All of the data below should be repeated exactly. Pictures should not be included.
DATA EXTRACT below:
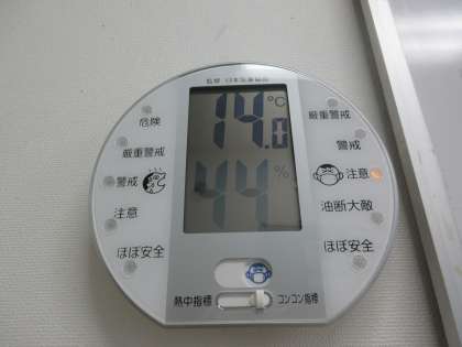 気温14.0度、湿度44%でした(保健室前の室温と湿度です)。
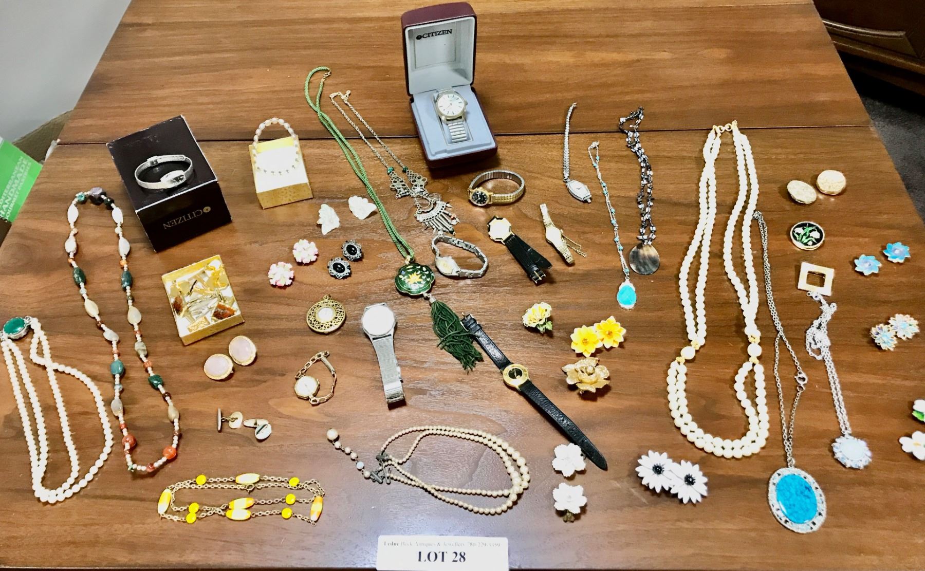Large Variety of Watches incl Cardinal, asst Cuff Links, Faux Pearl Necklaces, Vintage Earrings, Necklaces, & Brooches
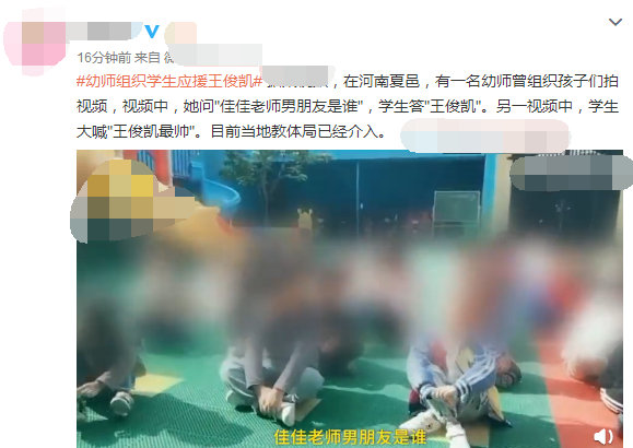 Tại một trường mẫu giáo ở Hà Nam (Trung Quốc), một cô giáo cầm điện thoại ghi lại khoảnh khắc với các em nhỏ. Trong video, cô giáo hỏi: “Bạn trai của cô Gia Gia là ai?” Học sinh liền trả lời: “Vương Tuấn Khải”. Trong một video khác, các em học sinh hô to: “Vương Tuấn Khải là người đẹp trai nhất”.
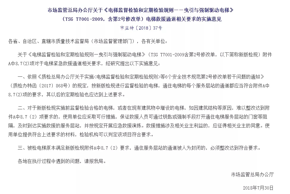 問(wèn):GB 28621-2012《安裝于現(xiàn)有建筑物中的新電梯制造與安裝安全規(guī)范》為何不能執(zhí)行? 總局:納入特種設(shè)備安全監(jiān)管的電梯應(yīng)依據(jù)《電梯監(jiān)督檢驗(yàn)和定期檢驗(yàn)規(guī)則》進(jìn)行監(jiān)督檢驗(yàn)。 問(wèn):消防員電梯條款疑問(wèn) 總局回復(fù):請(qǐng)按照檢規(guī)要求執(zhí)行。 問(wèn):私人將電梯層門(mén)改為直接入戶該如何處理? 還有房屋內(nèi)的電梯在監(jiān)督檢驗(yàn)時(shí)滿足應(yīng)急救援通道要求,但在監(jiān)檢合格之后,私人更改原規(guī)劃設(shè)計(jì),將某層或多層電梯層門(mén)改為直接入戶,請(qǐng)問(wèn)這種情況在年度檢驗(yàn)中如何處理? 總局回復(fù):“市場(chǎng)監(jiān)管總局辦公廳關(guān)于《電梯監(jiān)督檢驗(yàn)和 定期檢驗(yàn)規(guī)則——曳引與強(qiáng)制驅(qū)動(dòng)電梯》 (TSG T7001-2009,含第2號(hào)修改單)電梯救援通道相關(guān)要求的實(shí)施意見(jiàn)”(市監(jiān)特〔2018〕37號(hào))已明確相關(guān)要求。
End of DATA EXTRACT.
**SOLUTION FOR THIS EXERCISE:**
 気温14.0度、湿度44%でした(保健室前の室温と湿度です)。
Large Variety of Watches incl Cardinal, asst Cuff Links, Faux Pearl Necklaces, Vintage Earrings, Necklaces, & Brooches
 Tại một trường mẫu giáo ở Hà Nam (Trung Quốc), một cô giáo cầm điện thoại ghi lại khoảnh khắc với các em nhỏ. Trong video, cô giáo hỏi: “Bạn trai của cô Gia Gia là ai?” Học sinh liền trả lời: “Vương Tuấn Khải”. Trong một video khác, các em học sinh hô to: “Vương Tuấn Khải là người đẹp trai nhất”.
 問(wèn):GB 28621-2012《安裝于現(xiàn)有建筑物中的新電梯制造與安裝安全規(guī)范》為何不能執(zhí)行? 總局:納入特種設(shè)備安全監(jiān)管的電梯應(yīng)依據(jù)《電梯監(jiān)督檢驗(yàn)和定期檢驗(yàn)規(guī)則》進(jìn)行監(jiān)督檢驗(yàn)。 問(wèn):消防員電梯條款疑問(wèn) 總局回復(fù):請(qǐng)按照檢規(guī)要求執(zhí)行。 問(wèn):私人將電梯層門(mén)改為直接入戶該如何處理? 還有房屋內(nèi)的電梯在監(jiān)督檢驗(yàn)時(shí)滿足應(yīng)急救援通道要求,但在監(jiān)檢合格之后,私人更改原規(guī)劃設(shè)計(jì),將某層或多層電梯層門(mén)改為直接入戶,請(qǐng)問(wèn)這種情況在年度檢驗(yàn)中如何處理? 總局回復(fù):“市場(chǎng)監(jiān)管總局辦公廳關(guān)于《電梯監(jiān)督檢驗(yàn)和 定期檢驗(yàn)規(guī)則——曳引與強(qiáng)制驅(qū)動(dòng)電梯》 (TSG T7001-2009,含第2號(hào)修改單)電梯救援通道相關(guān)要求的實(shí)施意見(jiàn)”(市監(jiān)特〔2018〕37號(hào))已明確相關(guān)要求。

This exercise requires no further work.